Third, any surplus, if and when it is released, still has to move through Diurim itself. This is a joint company, not an empty conduit. Only after the partner share, and only after distributions or shareholder-loan repayments, can one talk about money that is truly accessible to Eshel Hayarden.

Fourth, downside travels together with upside. To secure the borrower's obligations, guarantees were given by Eshel Hayarden and the controlling shareholder for an aggregate 50% of total credit, while Migido provides the remaining 50%. That means Eshel Hayarden owns half the upside, but it also sits behind half of the support package.

Conclusion

KAVA deserves the attention it gets. It is no longer theoretical inventory. It has signed sales, visible execution and project economics that look strong on paper. But that is still not the same thing as profit that is accessible to Eshel Hayarden.

The number most likely to attract attention is NIS 239.6 million of expected gross profit, or NIS 250.0 million of expected withdrawable surplus including selling and financing. The number that has actually reached Eshel Hayarden's own layer so far is very different: NIS 4.9 million of share in joint-venture profit, and NIS 18.8 million of carrying value in Diurim, most of which is owner loans.

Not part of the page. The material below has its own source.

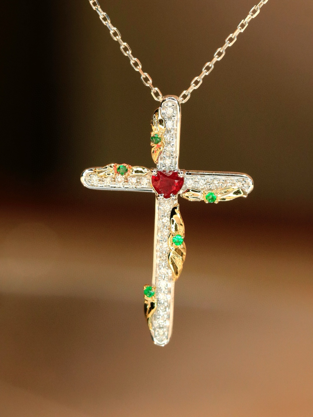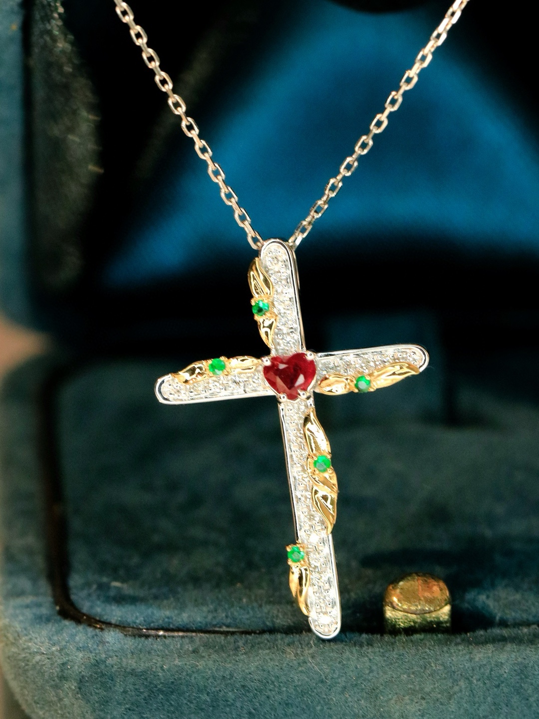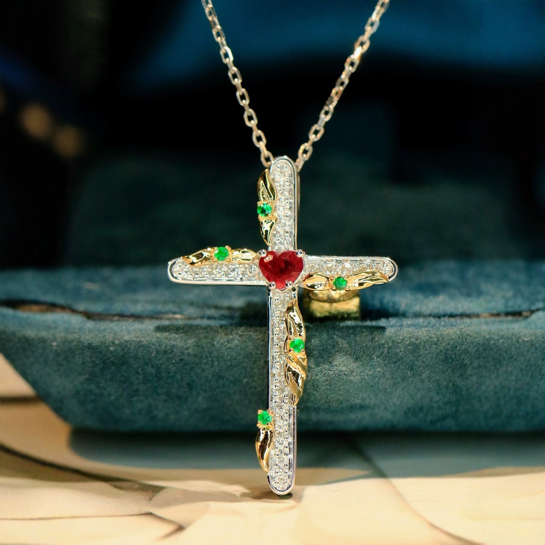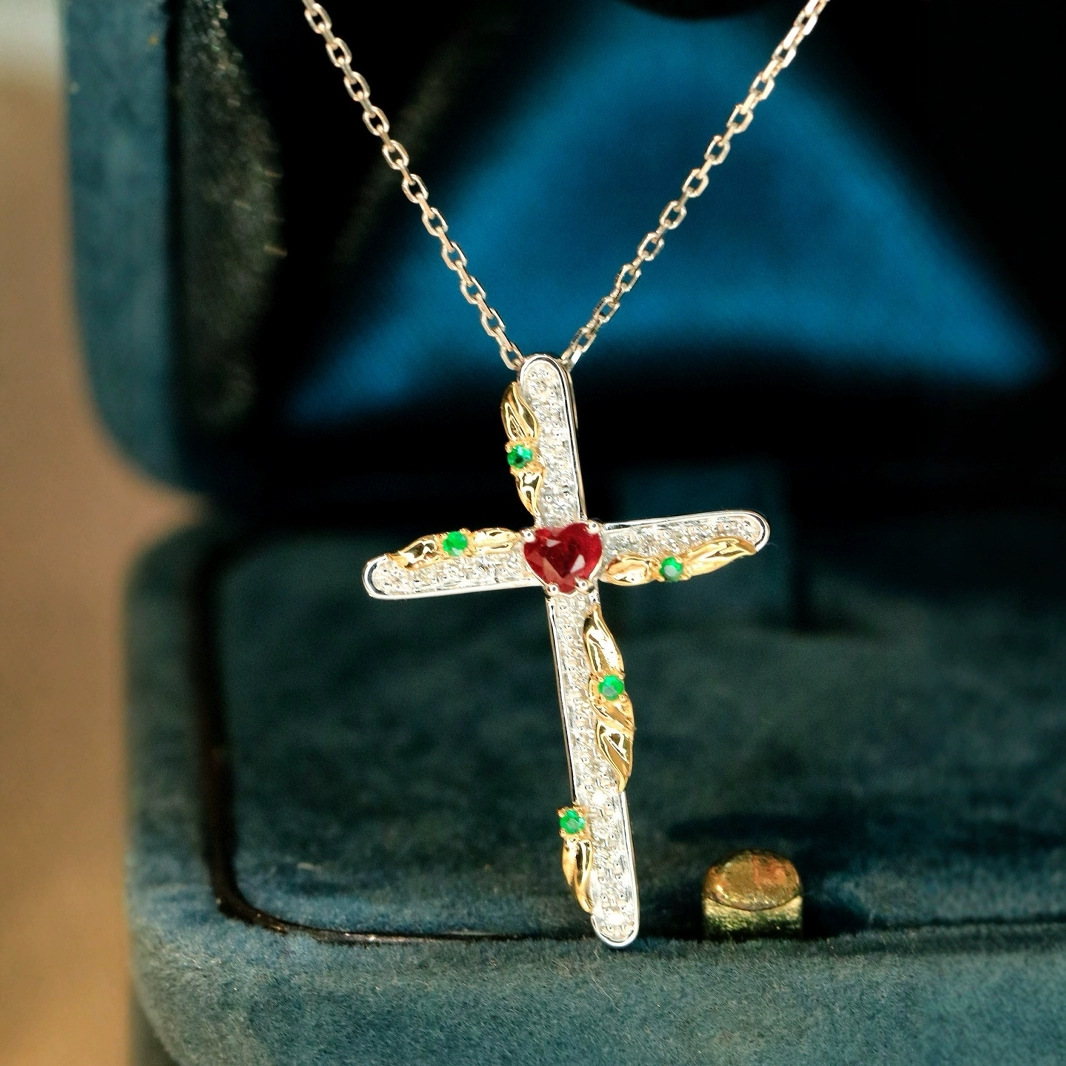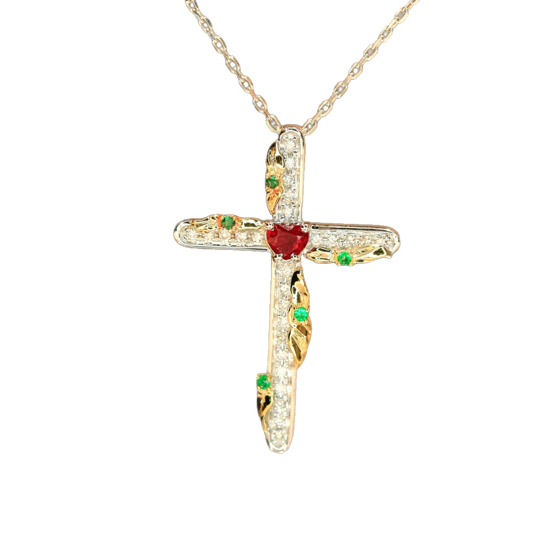 18-каратный южноафриканский бриллиант, инкрустированный натуральным цветным драгоценным камнем, кулон в виде креста, легкая роскошная нишевая мода, цветная фабрика, оптовая продажа

So the right reading of KAVA at the end of 2025 is this: it is a project that is beginning to prove demand and execution economics, but it has not yet proven a full transition from project profit to value that is accessible at the listed issuer. The market can be impressed by the project numbers, but the real test arrives only when KAVA moves from promised surplus to released surplus, and from joint-venture profit share to cash that can actually be seen at the Eshel Hayarden layer.